## The problem:
Below are the records; repeat exactly their lines between the line holding "The complex includes" and the line holding "At 31st October", inclusive, skipping the pictures.

## Records for processing:
* * *

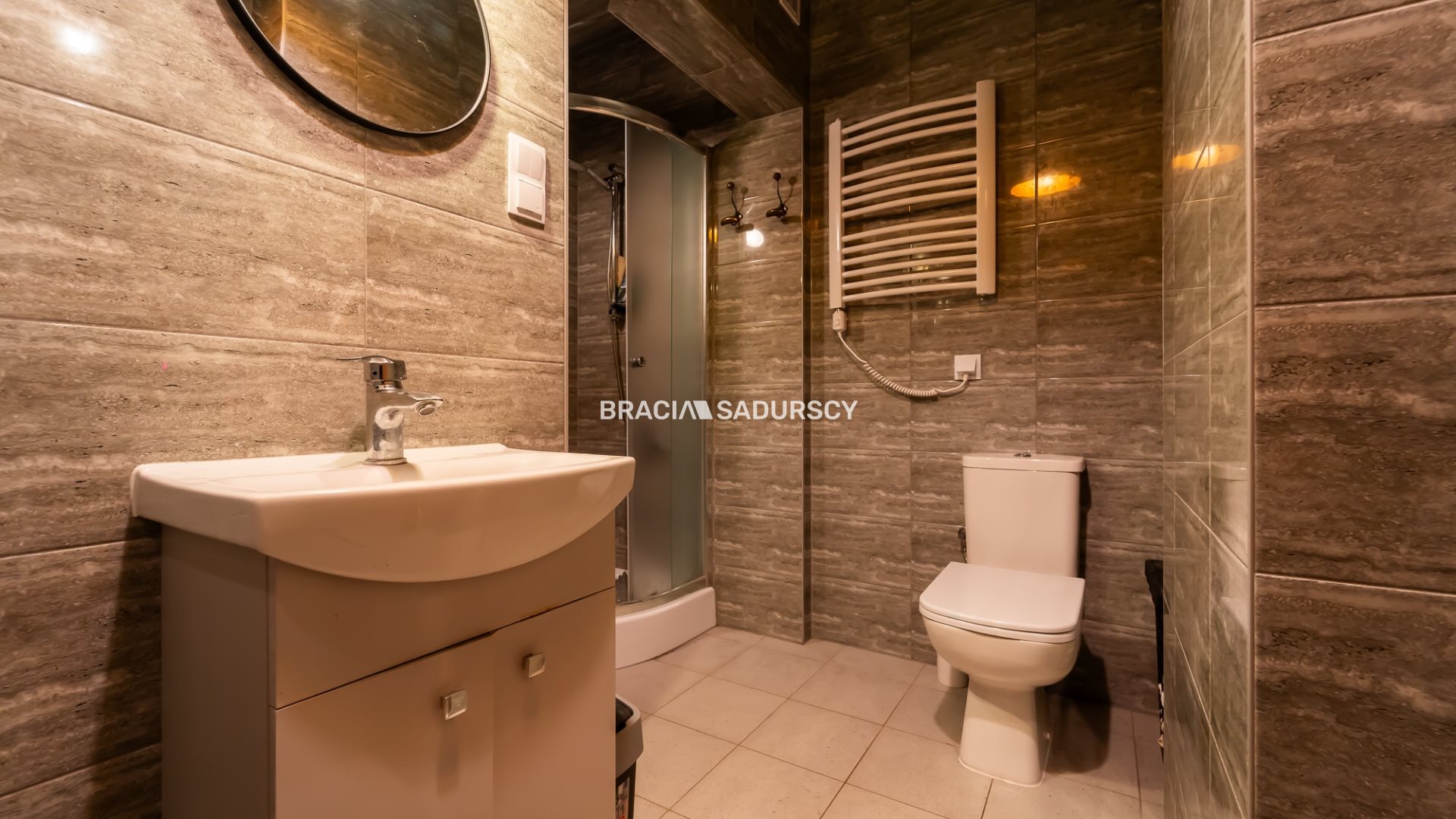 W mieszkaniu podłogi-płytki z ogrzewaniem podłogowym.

* * *

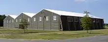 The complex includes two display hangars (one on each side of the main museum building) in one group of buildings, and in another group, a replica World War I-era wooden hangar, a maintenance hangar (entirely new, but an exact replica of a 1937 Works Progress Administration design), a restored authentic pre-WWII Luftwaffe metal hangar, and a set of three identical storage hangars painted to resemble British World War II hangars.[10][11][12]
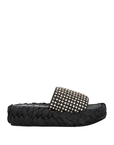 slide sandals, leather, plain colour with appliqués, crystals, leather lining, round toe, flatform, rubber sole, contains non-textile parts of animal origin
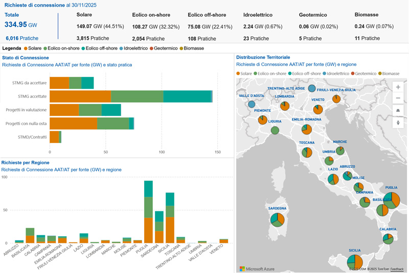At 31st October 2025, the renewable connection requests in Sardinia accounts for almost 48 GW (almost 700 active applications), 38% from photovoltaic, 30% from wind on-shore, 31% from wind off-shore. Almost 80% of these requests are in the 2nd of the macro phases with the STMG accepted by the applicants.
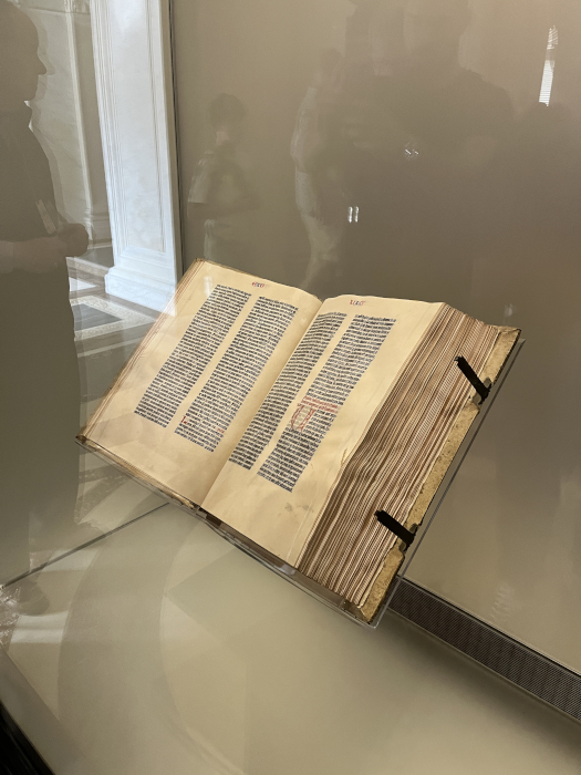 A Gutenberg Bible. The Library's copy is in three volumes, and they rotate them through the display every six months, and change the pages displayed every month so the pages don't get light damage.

* * *

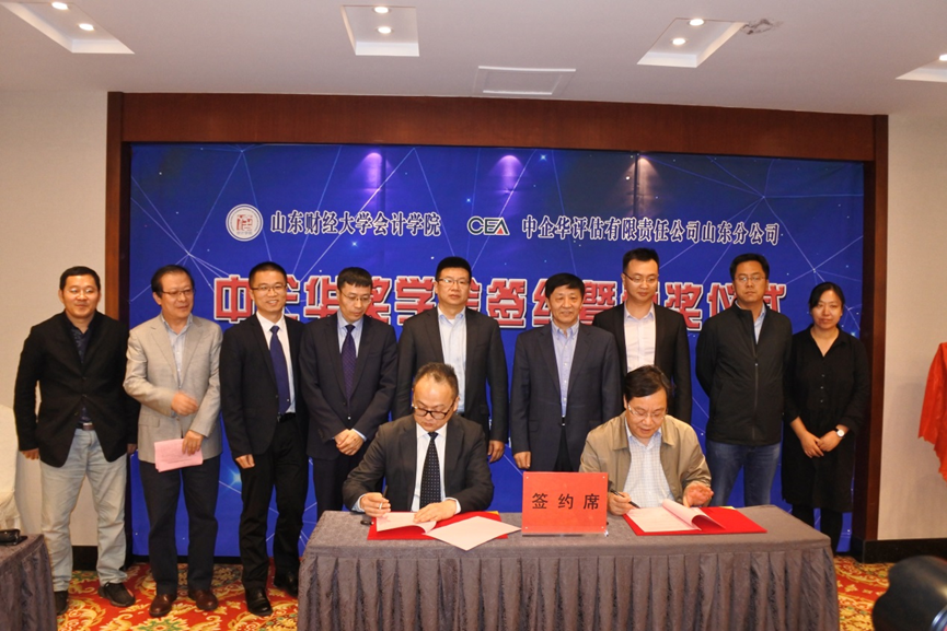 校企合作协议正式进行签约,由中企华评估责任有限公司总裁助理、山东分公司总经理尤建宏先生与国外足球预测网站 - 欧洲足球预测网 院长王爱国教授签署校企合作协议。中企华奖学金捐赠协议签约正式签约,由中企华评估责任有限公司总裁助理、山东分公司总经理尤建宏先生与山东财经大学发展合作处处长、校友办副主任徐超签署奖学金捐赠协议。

* * *

## Answer box:
 The complex includes two display hangars (one on each side of the main museum building) in one group of buildings, and in another group, a replica World War I-era wooden hangar, a maintenance hangar (entirely new, but an exact replica of a 1937 Works Progress Administration design), a restored authentic pre-WWII Luftwaffe metal hangar, and a set of three identical storage hangars painted to resemble British World War II hangars.[10][11][12]
 slide sandals, leather, plain colour with appliqués, crystals, leather lining, round toe, flatform, rubber sole, contains non-textile parts of animal origin
At 31st October 2025, the renewable connection requests in Sardinia accounts for almost 48 GW (almost 700 active applications), 38% from photovoltaic, 30% from wind on-shore, 31% from wind off-shore. Almost 80% of these requests are in the 2nd of the macro phases with the STMG accepted by the applicants.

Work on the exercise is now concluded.